Hastalığın kaynağı insan değil ki!

Salgın hastalık aynı zamanda ırkçı ve ayrımcı bir durum... Hastalığın duyulmasıyla o ülke insanını toptan suçlamak, aşağılamak gibi ırkçı alışkanlıklar, salgın hastalıklarda öne çıkıyor. Ülkeler, salgının görüldüğü ülkeye tavır alıyor. Salgın hastalıkta ırkçılık tavan yapıyor. ‘Hasta nüfuslar’ toptan ırkçı önyargıya feda ediliyor. 

Ama hastalıklar her zaman o coğrafya insanının suçu değil. 

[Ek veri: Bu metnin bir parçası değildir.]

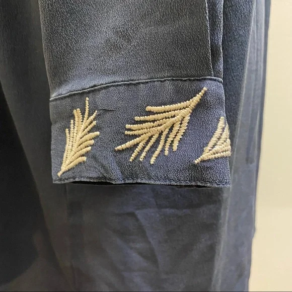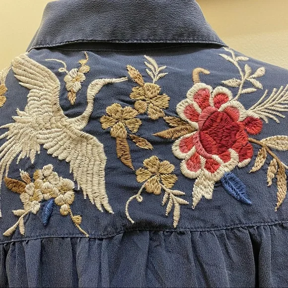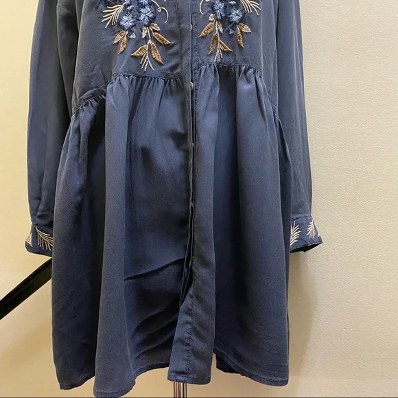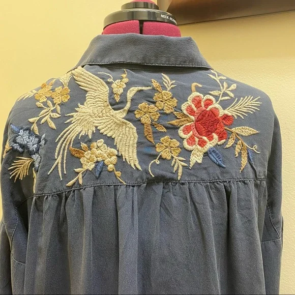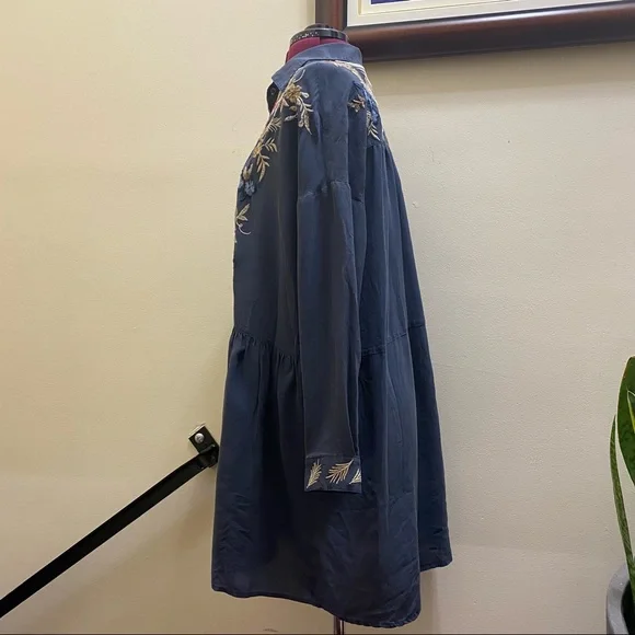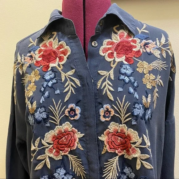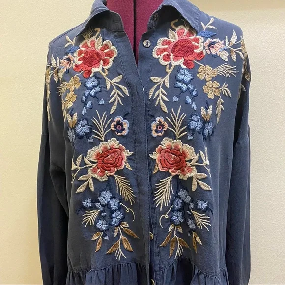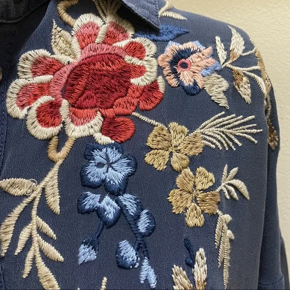 Boho-inspired Palmyra Smock Shirt Tunic by Johnny Was is elevated by its classic cut and chic floral embroidery throughout. Perfect for any occasion, effortlessly dress this top up or down with dark-washed skinny jeans or simple leggings and a silk scarf or layered jewelry. Add your favorite leather booties or flats to complete the look.SIZE: Small COLOR Slate FABRIC CONTENT 99% Cotton / 1% spandexCARE INSTRUCTIONS Machine wash cold, no bleach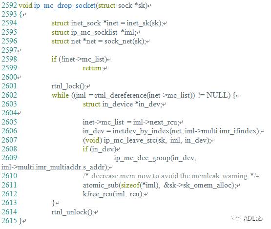 用户程序断开TCP连接时,内核里使用 ip_mc_drop_socket()函数进行回收。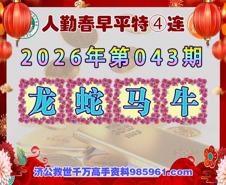 043期:『人勤春早』 😜平特④连😜【龙蛇马牛】开:蛇13错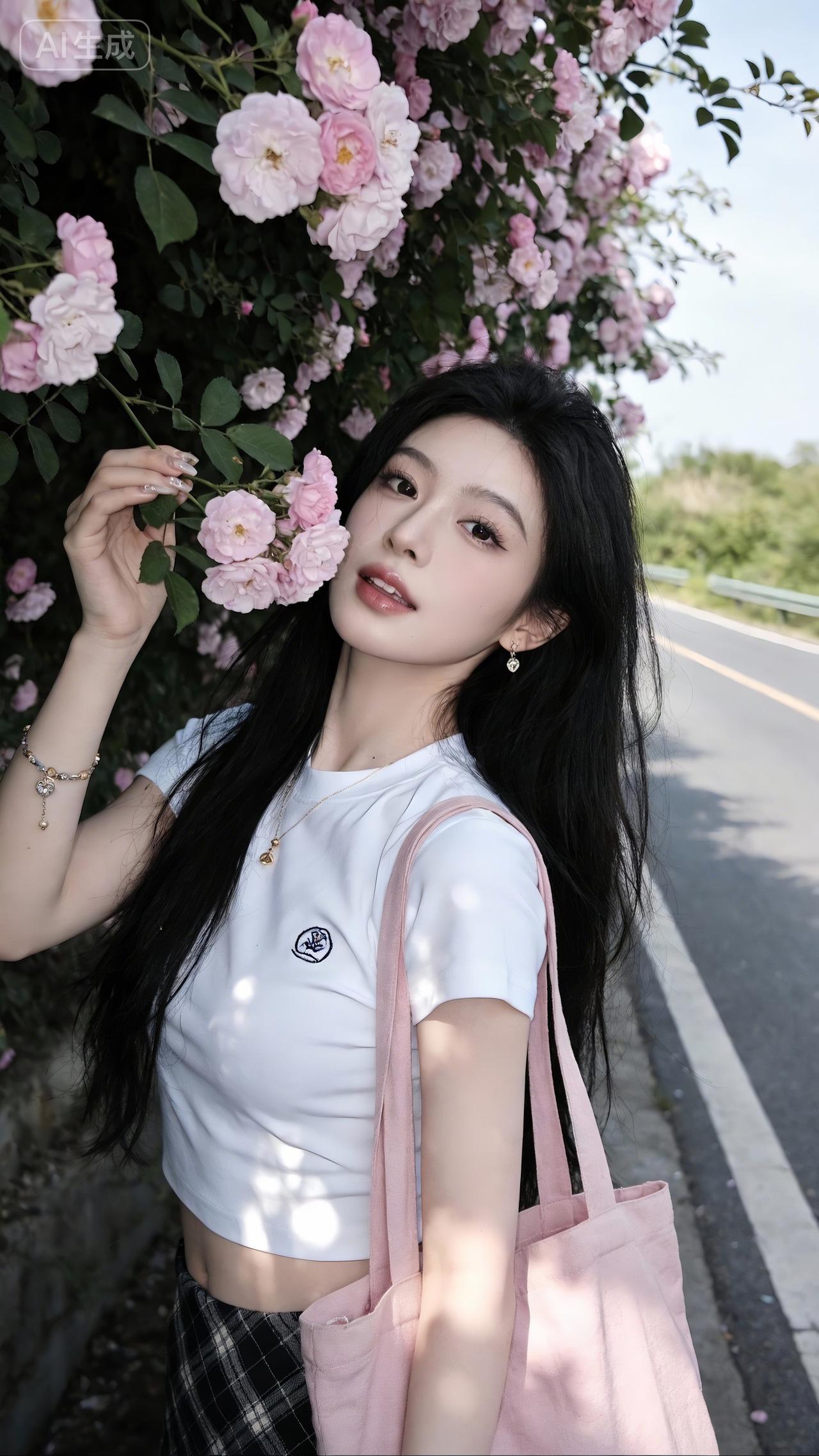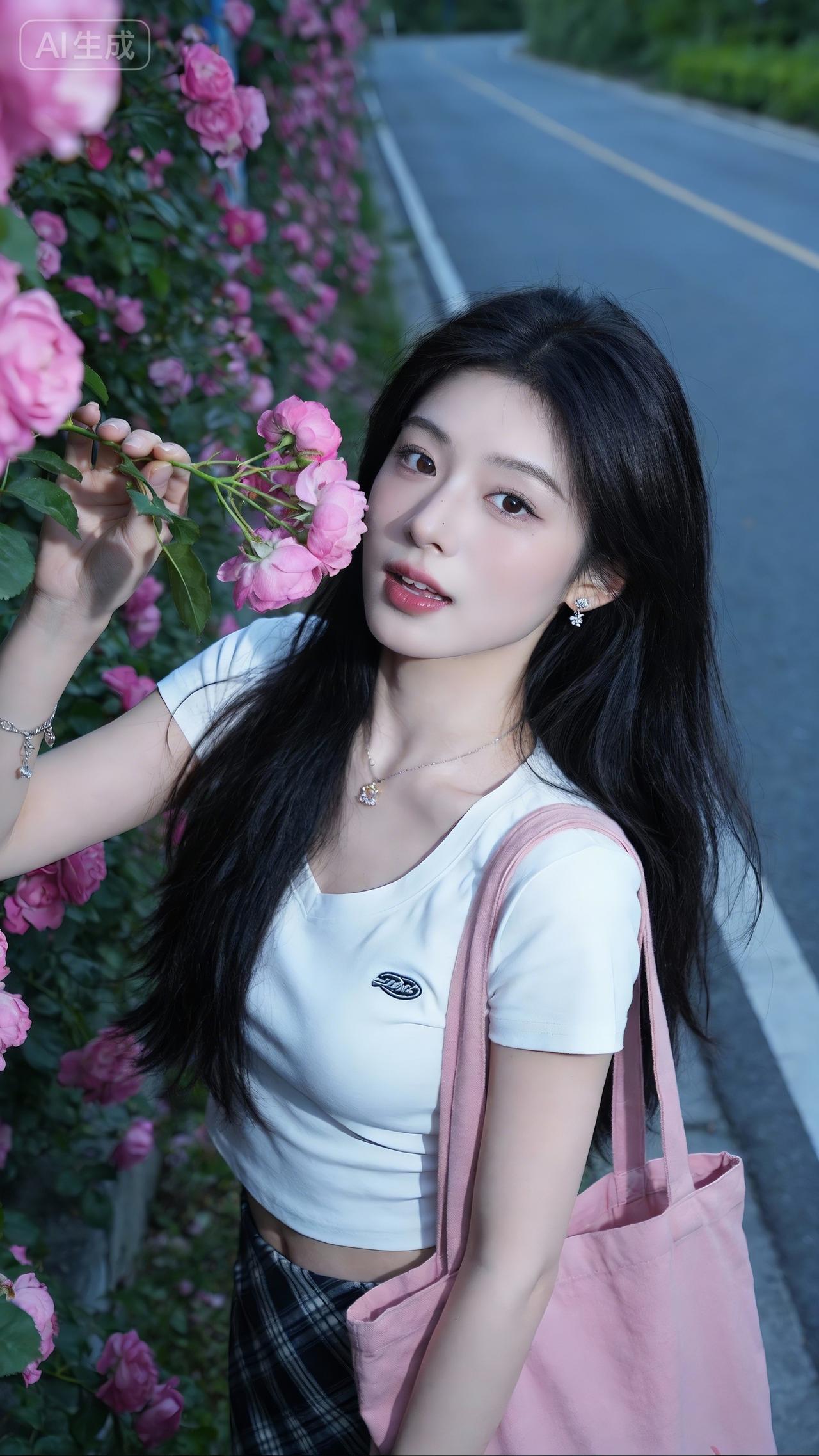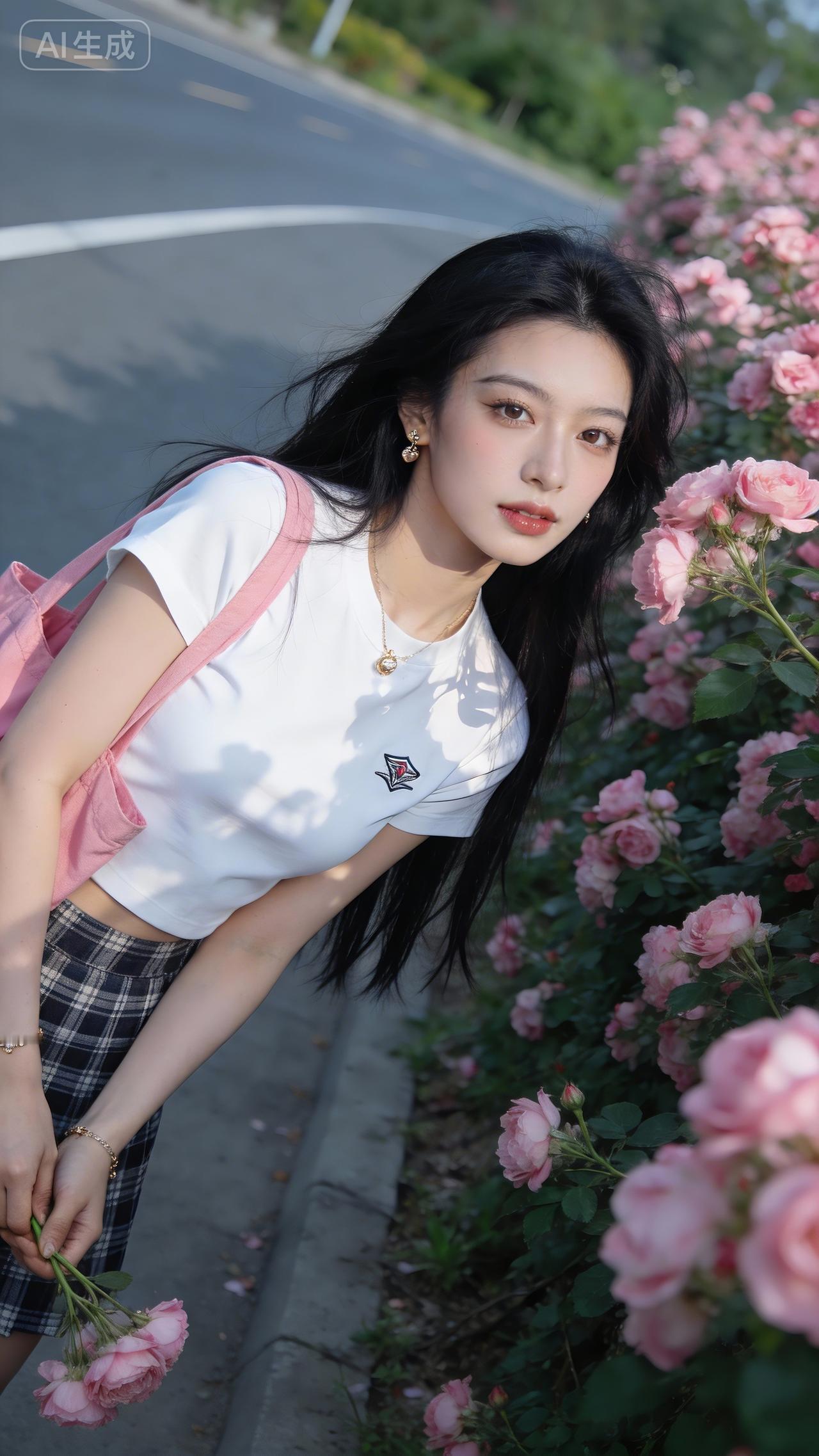 花径旁的清甜系少女 白T+格裙衬得清爽又灵动,粉包和腕间碎光添了点甜~轻嗅玫瑰的瞬间,连风里都裹着春日的软香✨ 是把“青春氛围感”焊在身上的妹妹!玫粉色衬衣裙

Hastalıkların yüzde 60’ı uzak doğal ortamlardan başlıyor. Zoonose denen ve hayvana bulaşan virüs doğada, ormanların derinliğinde, dağların kırların köşesinde gelişiyor ürüyor. Sonra yabani hayvana atlıyor. Ya da virüs yabani hayvanlarda gelişiyor ve o zaman yol kısalıyor. Virüsün yabani hayvandan insan ortamına gelmesi, bir macera filmi gibi. Uzman diyor ki: Hasta bir kuşu vuran avcı… Avlanan, kesilen hayvan… Zincirleme bulaşarak kırdan kent faresine uzanan virüs... Vahşi hayvanın kirlettiği sudan içen çiftlik hayvanı... 

Virüs vahşi hayvanlarda başladığı zaman, oradan insana gelmesi için çok karmaşık bir süreç gerekmiyor. 

Afrika’da çok büyük hasar yaratan ve hala korkutucu olan SARS’ın bir yarasadan çıktığı sanılıyor. Yarasalar, dünyanın çoğu hastalığının kaynak topluluğu. Bir arada yaşıyorlar, yuvaları verimli bir virüs gelişim ortamı. Ayrıca göç edip, bir yarasa topluluğundan diğerine gitme alışkanlıkları var. Uçarak ve diğer hayvanlarla temasa geçerek doğada hastalığı çok kolay yayıyorlar. Yarasadan başlayan hastalığın çiftlik hayvanına, oradan insana geçmesi yalnızca zaman meselesi... Ve yarasa doğal denge için gerekli bir hayvan, hepsini yok etmek çare değil.